### GIVEN ENTRIES

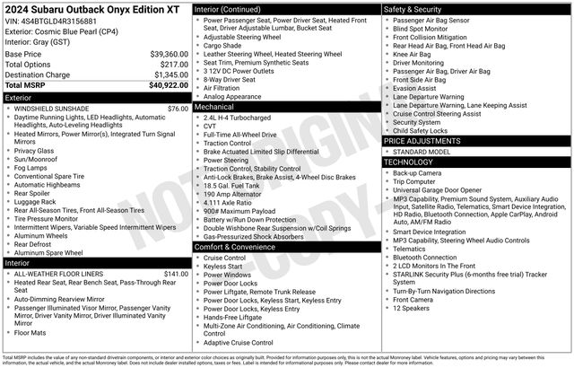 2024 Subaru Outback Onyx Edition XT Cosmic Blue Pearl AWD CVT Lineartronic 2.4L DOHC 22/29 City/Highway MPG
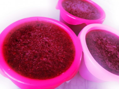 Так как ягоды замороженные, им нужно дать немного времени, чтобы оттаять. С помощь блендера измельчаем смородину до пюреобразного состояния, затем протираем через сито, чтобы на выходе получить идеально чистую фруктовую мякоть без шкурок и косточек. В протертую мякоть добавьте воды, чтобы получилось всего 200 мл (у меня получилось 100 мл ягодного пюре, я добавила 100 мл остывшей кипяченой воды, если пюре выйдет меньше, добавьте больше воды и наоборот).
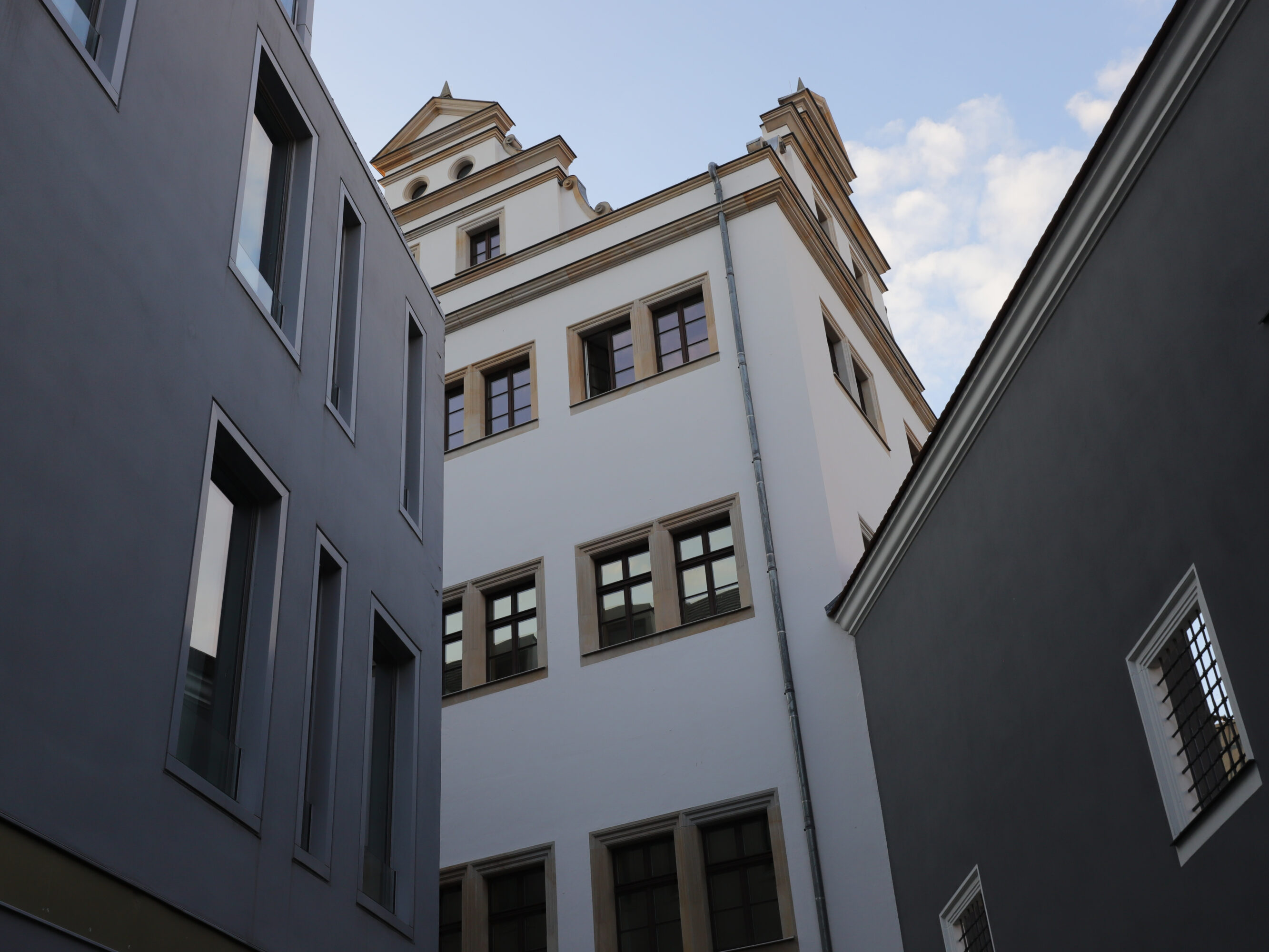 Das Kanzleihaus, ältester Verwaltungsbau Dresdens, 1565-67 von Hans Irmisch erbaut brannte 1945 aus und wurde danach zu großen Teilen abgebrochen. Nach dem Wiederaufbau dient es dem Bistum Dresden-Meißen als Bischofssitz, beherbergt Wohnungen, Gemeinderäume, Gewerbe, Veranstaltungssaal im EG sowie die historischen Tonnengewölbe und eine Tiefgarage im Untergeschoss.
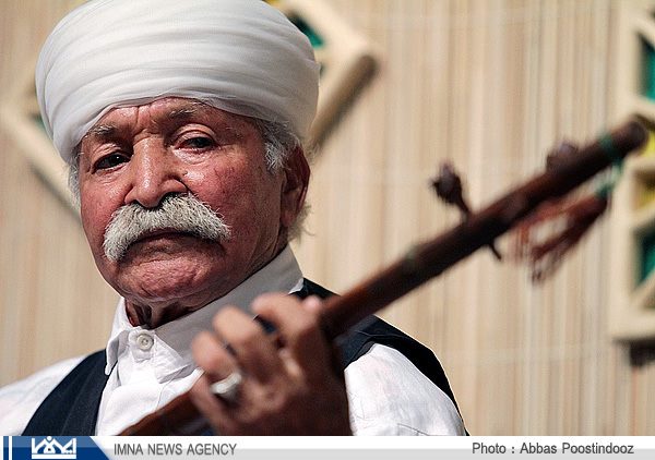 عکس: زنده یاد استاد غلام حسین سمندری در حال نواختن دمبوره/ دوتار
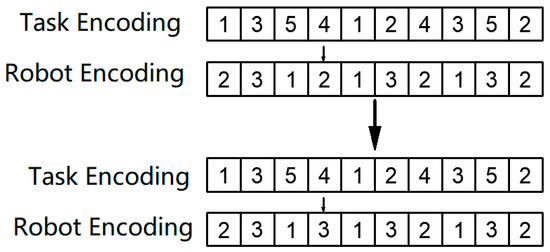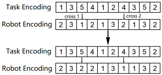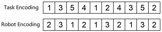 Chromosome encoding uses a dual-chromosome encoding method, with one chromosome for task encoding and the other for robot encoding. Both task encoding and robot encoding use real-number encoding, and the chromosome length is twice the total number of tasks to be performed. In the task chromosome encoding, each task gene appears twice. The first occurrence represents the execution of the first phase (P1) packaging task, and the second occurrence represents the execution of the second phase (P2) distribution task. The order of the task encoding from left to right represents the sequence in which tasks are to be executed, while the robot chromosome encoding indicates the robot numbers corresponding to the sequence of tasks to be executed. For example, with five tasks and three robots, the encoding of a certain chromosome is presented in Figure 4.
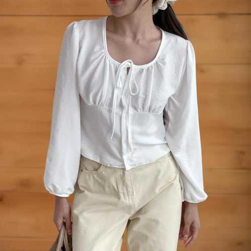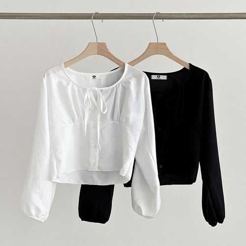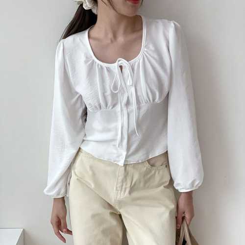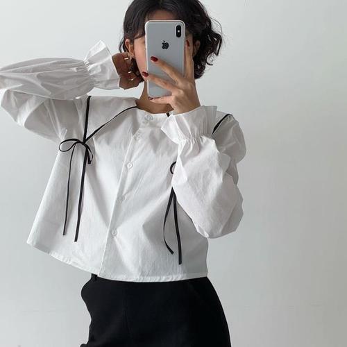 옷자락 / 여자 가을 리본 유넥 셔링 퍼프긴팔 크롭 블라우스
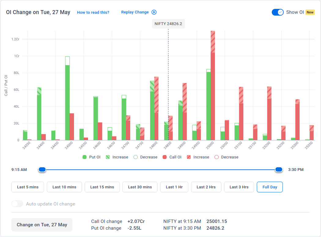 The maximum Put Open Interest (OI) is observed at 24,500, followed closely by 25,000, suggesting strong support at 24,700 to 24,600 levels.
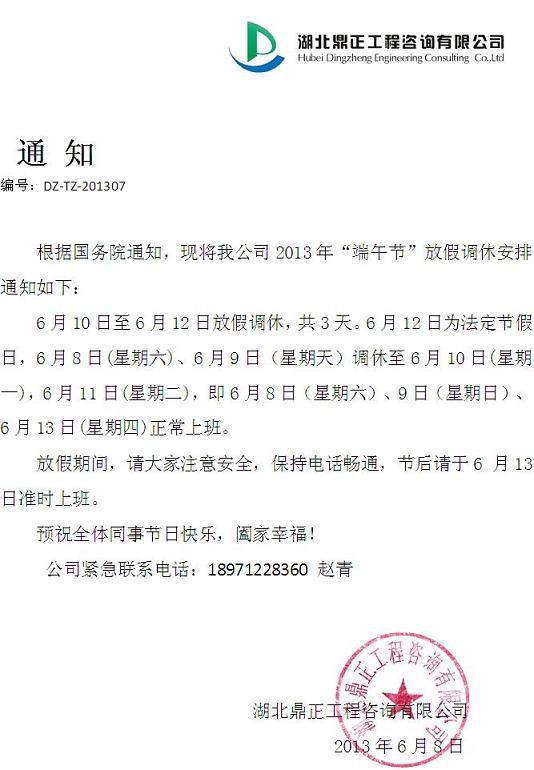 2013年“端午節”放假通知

==

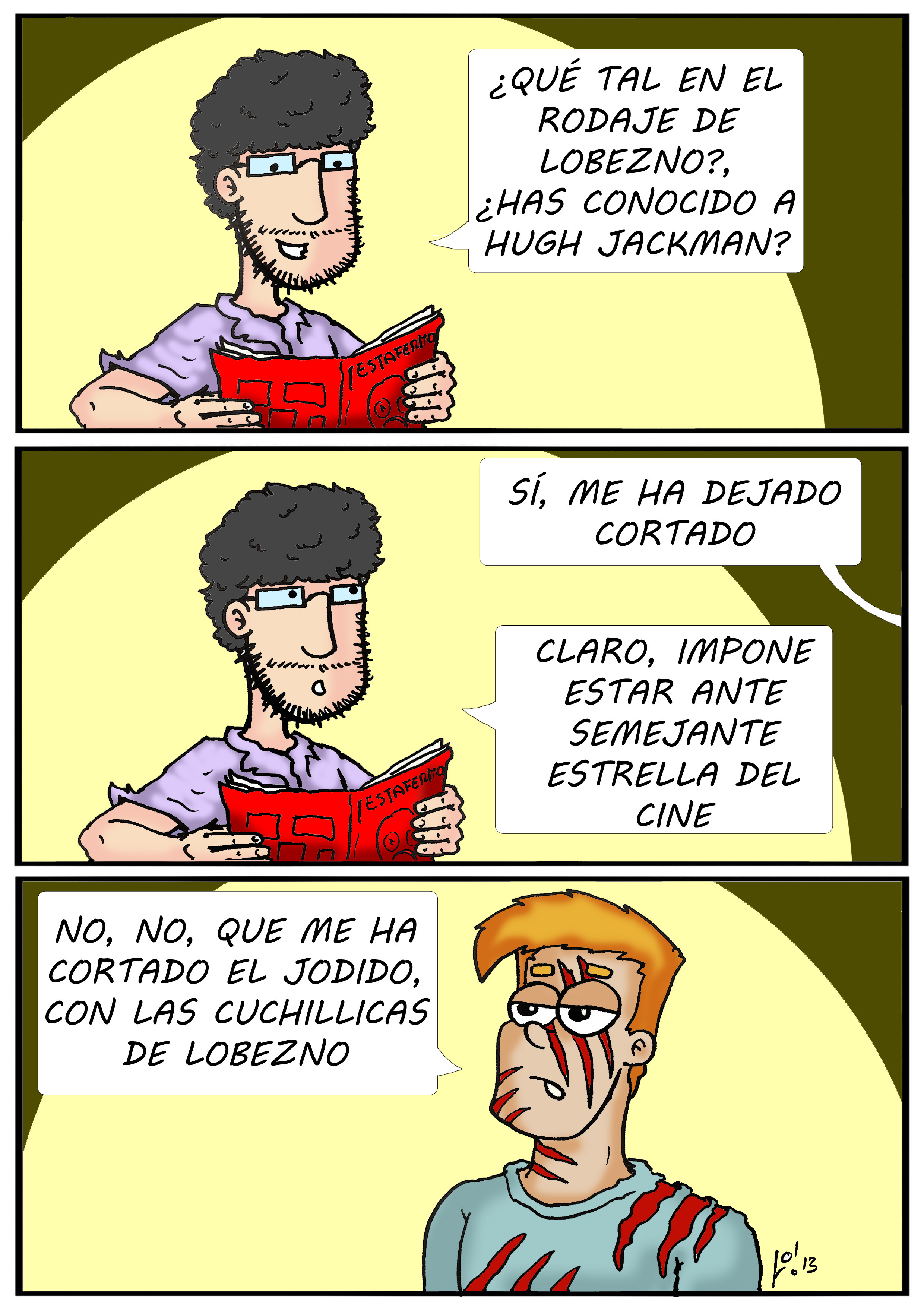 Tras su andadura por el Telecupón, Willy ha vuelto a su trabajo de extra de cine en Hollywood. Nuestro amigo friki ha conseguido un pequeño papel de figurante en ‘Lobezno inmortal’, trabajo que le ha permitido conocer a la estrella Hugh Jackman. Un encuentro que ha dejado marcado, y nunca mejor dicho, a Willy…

### WHAT IS NEEDED
Only the lines of the listing above from the one with "2024 Subaru Outback" through the one with "عکس: زنده یاد" should be output, exactly, with both ends kept and pictures left out.

### ANSWER TO THIS TASK
 2024 Subaru Outback Onyx Edition XT Cosmic Blue Pearl AWD CVT Lineartronic 2.4L DOHC 22/29 City/Highway MPG
 Так как ягоды замороженные, им нужно дать немного времени, чтобы оттаять. С помощь блендера измельчаем смородину до пюреобразного состояния, затем протираем через сито, чтобы на выходе получить идеально чистую фруктовую мякоть без шкурок и косточек. В протертую мякоть добавьте воды, чтобы получилось всего 200 мл (у меня получилось 100 мл ягодного пюре, я добавила 100 мл остывшей кипяченой воды, если пюре выйдет меньше, добавьте больше воды и наоборот).
 Das Kanzleihaus, ältester Verwaltungsbau Dresdens, 1565-67 von Hans Irmisch erbaut brannte 1945 aus und wurde danach zu großen Teilen abgebrochen. Nach dem Wiederaufbau dient es dem Bistum Dresden-Meißen als Bischofssitz, beherbergt Wohnungen, Gemeinderäume, Gewerbe, Veranstaltungssaal im EG sowie die historischen Tonnengewölbe und eine Tiefgarage im Untergeschoss.
 عکس: زنده یاد استاد غلام حسین سمندری در حال نواختن دمبوره/ دوتار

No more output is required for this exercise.